Beijing and Moscow are specifically eager to welcome Saudi Arabia, Iran, Indonesia, and other countries clamoring for Brics membership. Yet, while officially unopposed to expansion, India, as well as Brazil, demand that certain criteria be set for membership. Mostly, they fear that Brics would turn into a club for autocrats.

India’s population has recently surpassed China’s, even as its economy remains about a third of the communist behemoth’s size. Yet, innovation, democracy, and Mr. Modi’s efforts to create a free economy have the potential to quickly turn it into one of the world’s leading powers. 

“Structurally and aspirationally, the G-20, G-7, Quad and the like are where New Delhi is headed, but India’s accommodation in the most  influential among those forums is a long shot,” an international studies professor at New Delhi’s Jawaharlal Nehru university, Happymon Jacob, wrote recently in the Hindu newspaper.

As a result, he added, India is “located right in the middle of an emerging geopolitical faultline, with interests on either side, welcomed by either side, but fully belonging to neither.”

Communist China, meanwhile, is far from universally welcome. The New Development Bank, a Beijing-based Brics lending institution, has already distributed more than $30 billion in loans with few strings attached. Leftist leaders in Latin America and autocrats in parts of Asia and Africa are hitching their economies to the Chinese wagon. 

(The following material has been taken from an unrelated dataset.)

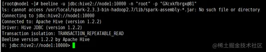 beeline -u jdbc:hive2://node1:10000 -n "用户名" -p "密码"

Yet, a slowdown in China’s growth, the collapse of its property sector, and haphazard decision-making in a government-led economy raise doubts among would-be trade partners. The confiscatory lending practices of the Belt and Road Initiative can scare borrowers even as America aggressively seeks to diversify supply chains away from China.

Thriving to find a golden path between 20th century global giants, India increasingly sees Communist China now as a foe. Further embracing Delhi may well be America’s most urgent task in the new Cold War.